Moringa leaves are part of Moringa Oleifera, which have a high antioxidant content, therefore, it is beneficial for overcoming free radicals in the body. Furthermore, the leaves contents have the potential to be developed into a functional drink in the form of effervescent granules. The important aspects influencing the physical characteristics, stability, and acceptability of granule is the type and ratio of the effervescent agent. In this study, citric acid and sodium bicarbonate were used as effervescent agents because they both provide acceptable texture and mouthfeel. This study aimed to develop an effervescent granule formula of Moringa leaves and to optimize the molar ratio of citric acid and sodium bicarbonate as the effervescent agent. Three molar ratios of citric acid and sodium bicarbonate were optimized, namely 1:3.11 (Formulation 1), 1:3 (Formulation 2), and 1:2.93 (Formulation 3). These formulations were developed using the wet granulation method. The results showed effervescent granules of the three formulations exhibited good flowability and uniform particle size distribution. Furthermore, formulation 3 showed better granule flow characteristics than the others. The results after reconstitution showed the granules were quickly dispersed within 207-234 secs, the pH of the preparation ranged between 5.74-5.92 (neutral pH), the viscosity was between 326-333 cps, and exhibited dilatant flow characteristics. Also, the organoleptic and sensory evaluation results showed formulation 3 was the most acceptable in terms of color, taste, aroma, and texture. Based on these findings, it was concluded that formulation 3 which used (citric acid ratio, sodium bicarbonate 1:2.93) was the optimal formulation.
用柠檬酸和碳酸氢钠泡腾剂制备辣木叶泡腾剂颗粒
辣木叶是辣木的一部分,具有较高的抗氧化含量,有利于克服体内的自由基。
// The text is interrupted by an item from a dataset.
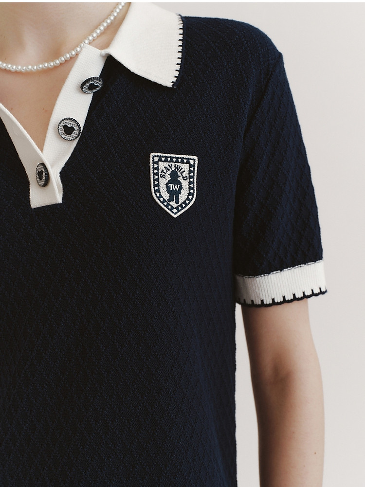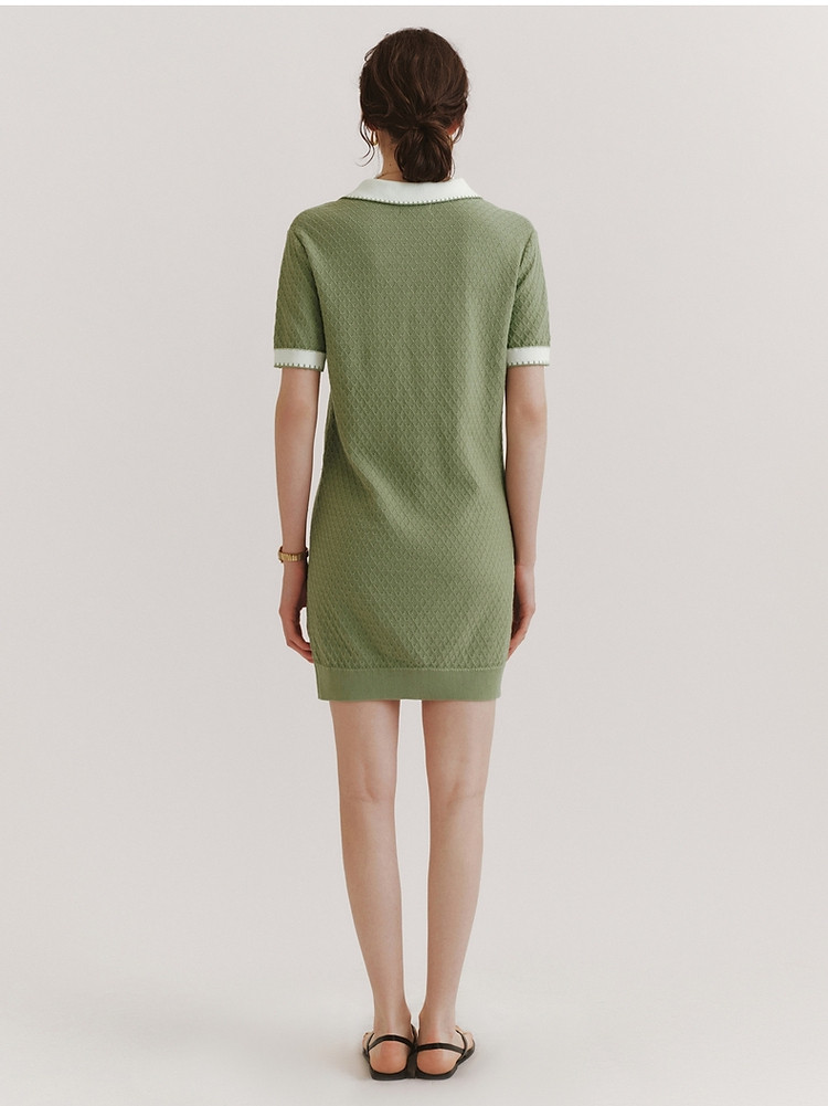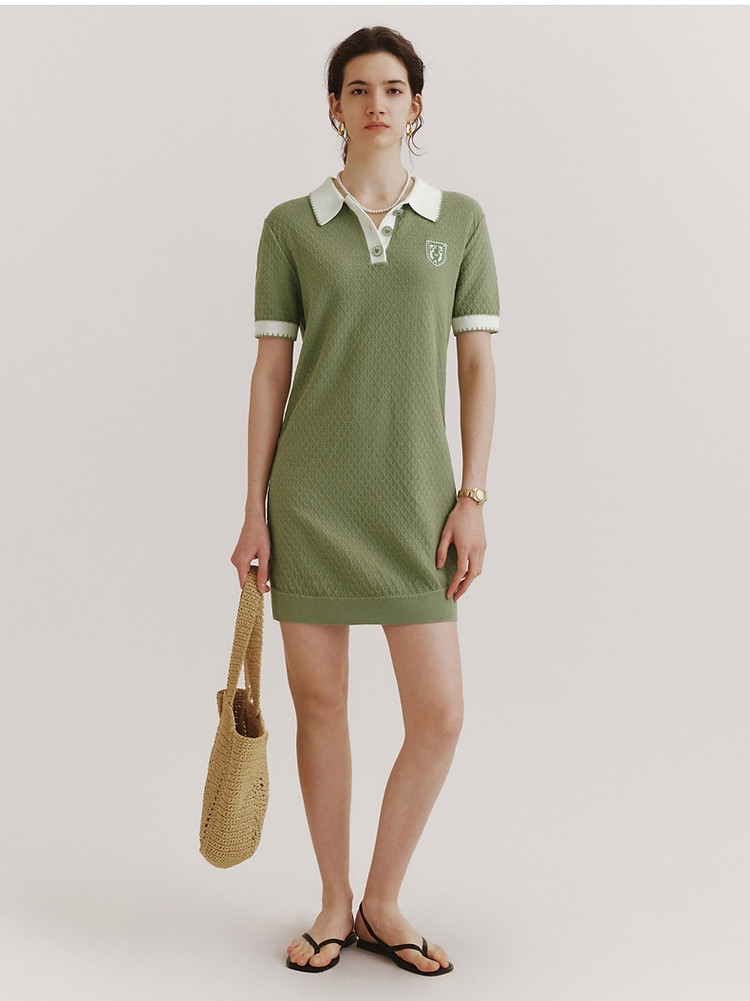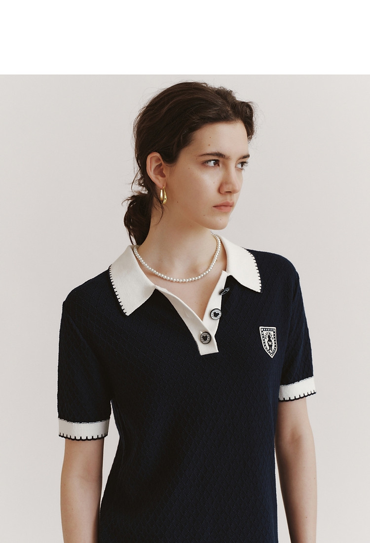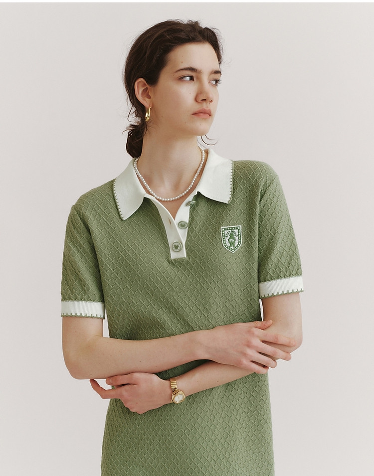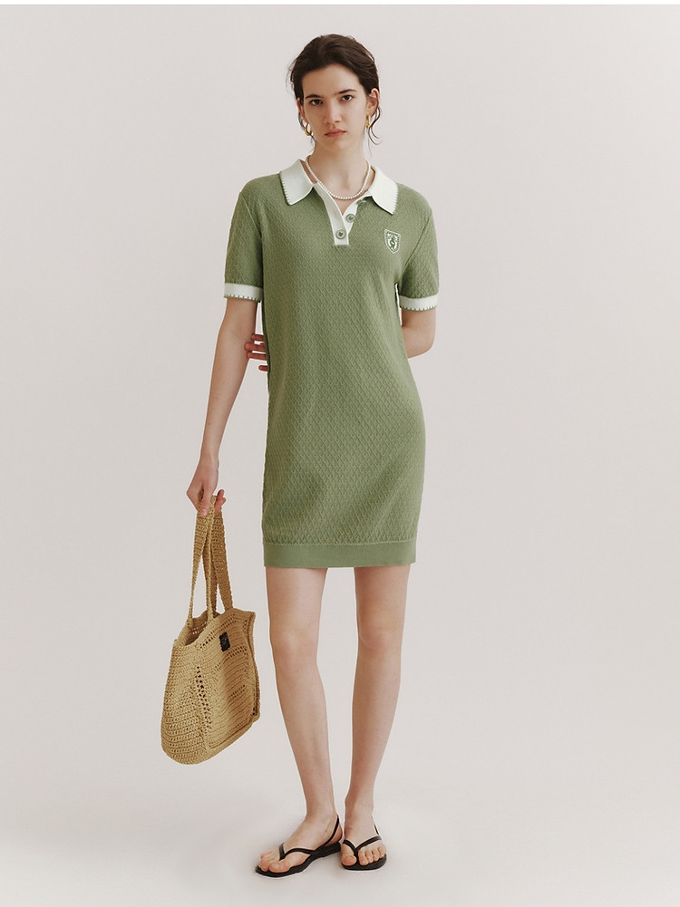 连衣裙小熊款夏装肌理感撞色Polo领短袖毛衣连衣裙女装 675457

此外,叶内容物有可能以泡腾状颗粒的形式发展成功能性饮料。泡腾剂的种类和配比是影响颗粒物理特性、稳定性和可接受性的重要因素。在本研究中,使用柠檬酸和碳酸氢钠作为泡腾剂,因为它们都具有良好的质地和口感。本研究旨在研制辣木叶泡腾剂配方,并对泡腾剂柠檬酸与碳酸氢钠的摩尔比进行优化。优化柠檬酸与碳酸氢钠的摩尔比为1:3.11(配方1)、1:3(配方2)和1:2.93(配方3),并采用湿法制粒。结果表明,三种配方的泡腾颗粒流动性好,粒径分布均匀。配方3具有较好的颗粒流动特性。重组后的颗粒在207 ~ 234秒内迅速分散,制备的pH值在5.74 ~ 5.92(中性pH)之间,粘度在326 ~ 333 cps之间,具有膨胀流动特性。此外,感官评价结果表明配方3在颜色、味道、香气和质地方面是最可接受的。综上所述,配方3(柠檬酸与碳酸氢钠的比例为1:2.93)为最佳配方。
本文章由计算机程序翻译,如有差异,请以英文原文为准。